Flood of administration regulations will slow to trickle as deadline nears
The blizzard of Obama administration regulations appears to be coming to an end.
While legislative days could be added to the lame-duck congressional session, experts say the regulatory cut off is nearing for the administration to finalize controversial new rules without fear of them being overturned under the next administration.
{mosads}Sam Batkins, the director of regulatory policy at the conservative American Action Forum, who originally estimated the deadline to be May 17, is now saying the drop-dead date is closer to May 23.
“We counted seven more days the House had met compared to the original schedule, but again, the date could change next week,” he said. “The actual date won’t be known until the end of the session, but the administration and Congress generally do recognize it’s going to be sometime in May.”
Though rarely used, lawmakers have 60 legislative days under the Congressional Review Act to rescind a rule by way of resolution – a period that would start all over again under the new administration if the sessions comes up short.
But regulatory proponents argue the deadline is given more weight than is warranted.
“Agencies have their own timelines and they are often too long,” said Amit Narang, regulatory policy advocate for Public Citizen. “Trying to point to any particular date as the date agencies are strategically trying to time their decision making around is a stretch.”
While it’s not yet clear if the administration has released more rules in the past few weeks than have previous administrations nearing their regulatory deadlines, the agencies have certainly been busy.
Last week, the Food and Drug Administration (FDA) finalized a long awaited rule to give it the authority to regulate, for the first time, cigars and electronic cigarettes like other tobacco products under the Tobacco Control Act and this week, the Environmental Protection Agency set stronger standards for methane emissions from oil and gas companies.
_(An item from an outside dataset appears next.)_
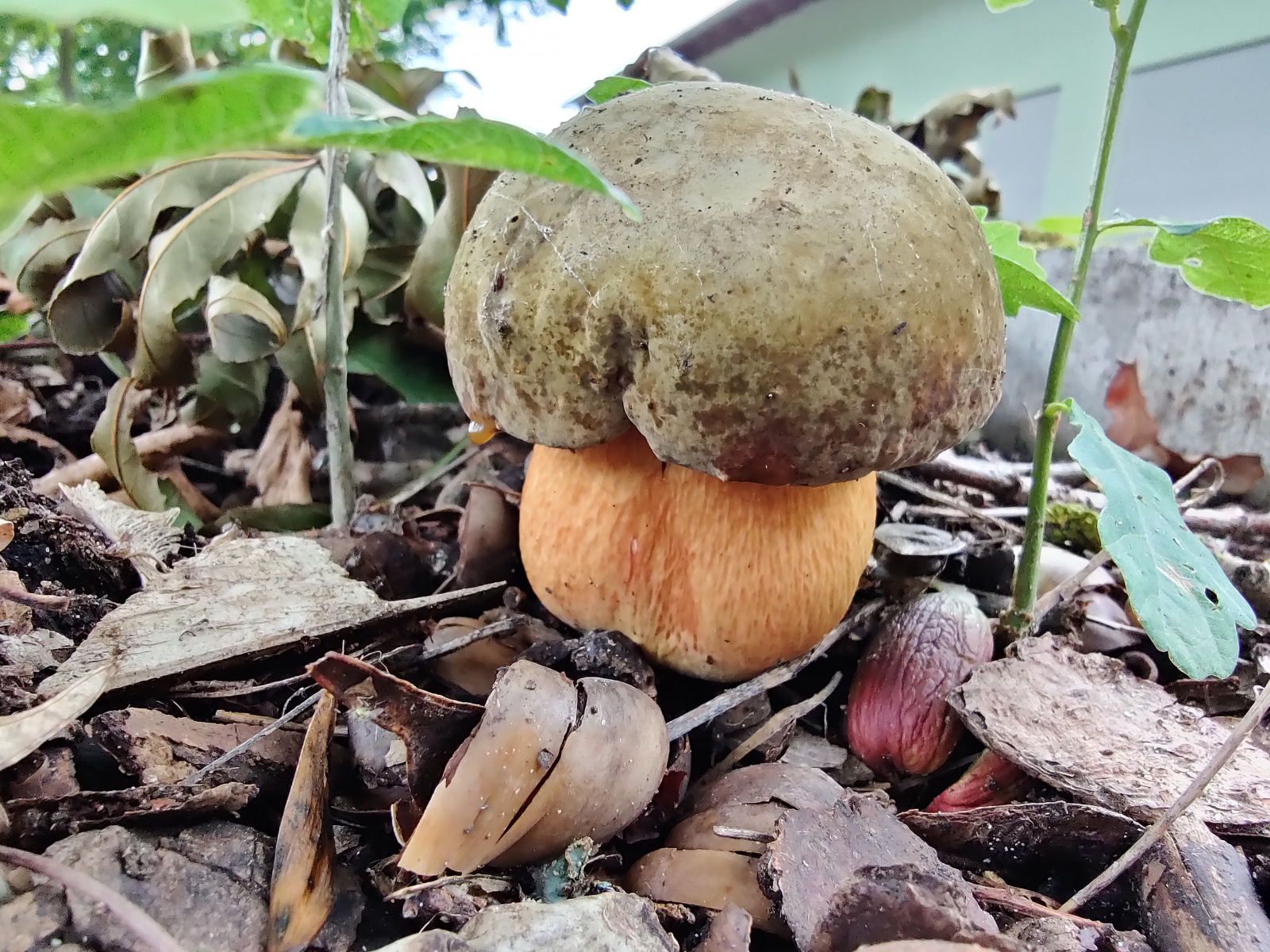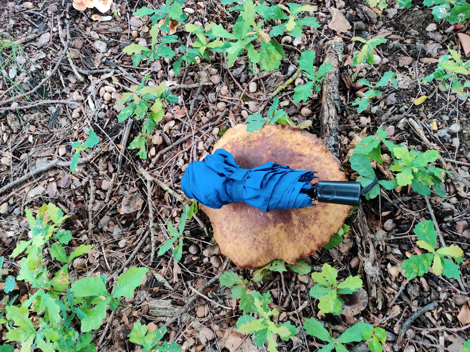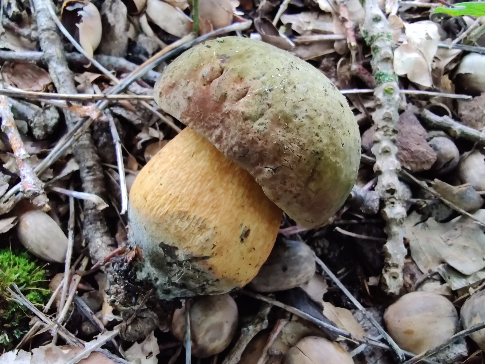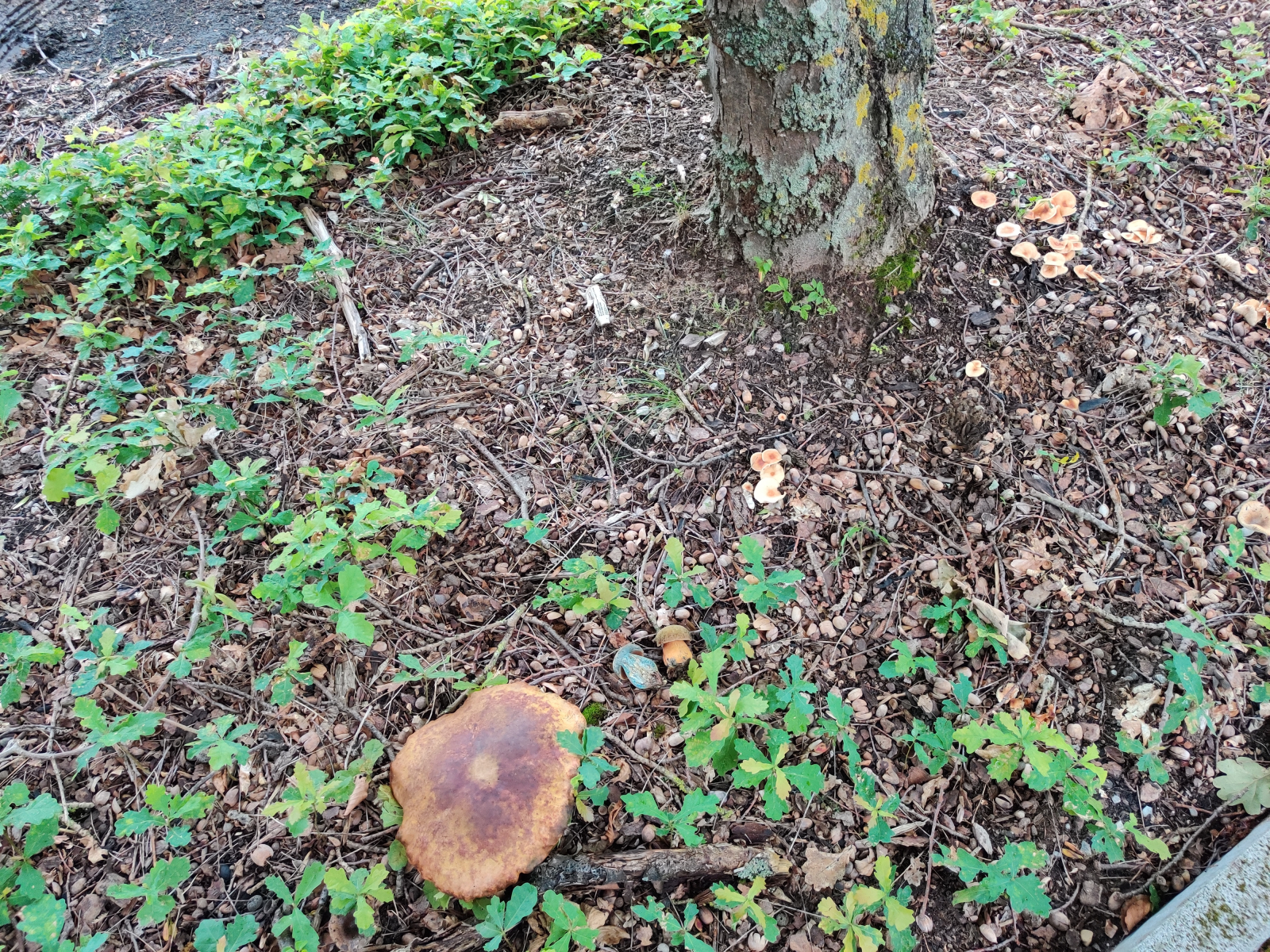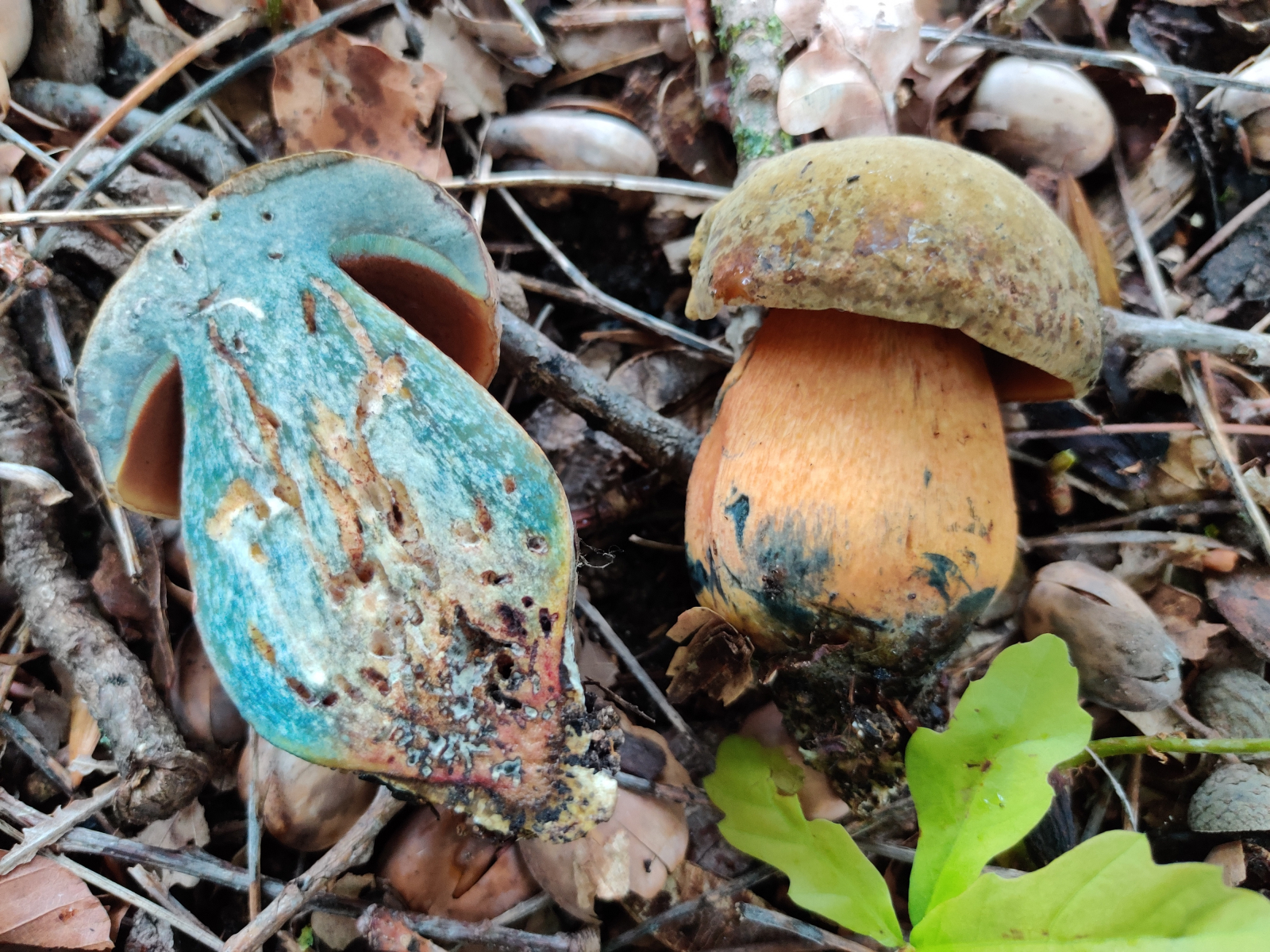 3. Unter Eiche auf einem Parkplatz gab es noch diese Hexenröhrlinge. Wegen der olivgrünen Hutfarbe und des ausschließlich orangenen Stiels des kleinen Exemplars war ich erst etwas verunsichert. Das sollten aber normale Netzstielige Hexenröhrlinge sein, oder? Unglaublich war die Größe des älteren Exemplars, der Hut hatte locker 25 cm im Durchmesser, sowas hab ich noch nicht gesehen.

The Labor Department last month finalized the controversial “fiduciary rule” that lawmakers are now trying to block, and just this week the agency finished a new rule to force employers in hazardous industries such as construction to report all workplace injuries and illnesses online.
But despite this purported deadline, the administration’s regulatory agenda won’t come grinding to halt. While the administration might want to get its most controversial rules finished in the coming week, it’s expected to continue issuing rules through the end of Obama’s term.
Here’s a look at what’s still in the pipeline.
— The Labor Department sent it’s hotly contested rule to expand overtime pay to some 5 million American workers to the White House Office of Management and Budget for review in March and groups were quick to set meetings with administration officials to ask for last minute changes.
Looking at OMB’s calendar, those meetings appear to have wrapped up on Thursday and business groups expect to see a final rule in the coming days.
The FDA’s proposal to update the Nutrition Facts Labels on food products went to the OMB for final rule at the end of April. In addition to a new format for the ingredient information, the agency has proposed adding a percent daily value for added sugar.
— The U.S. Department of Agriculture has proposed making changes to the food stamp regulations to help low-income people access healthier foods.
Lawmakers on both sides of the aisle, however, fear the rule will hurt those in need by prohibiting stores such as 7-Eleven, which mostly sell prepared and cold foods that can be heated up on site, from accepting the benefit.
“This rule has always been about increasing access and choices of healthier food for low-income Americans,” the USDA said in a statement. “It is disappointing to see some take a position against increasing healthier food options for our low-income Americans.”
The agency said it extended the public comment period and will consider all feedback before moving forward with a final rule.
— The Occupational Safety and Health Administration has yet to finalize a new rule to limit workers exposure to beryllium, a lightweight metal used primarily in the aerospace and defense industries that’s known to cause a deadly lung disease.
The rule proposed in August called for lowering the current eight-hour permissible exposure limit from 2 micrograms per cubic meter of air to 0.2 micrograms per cubic meter.
Earlier this month, Public Citizen called on the administration to expand the rule to cover workers in the construction and shipyard industries.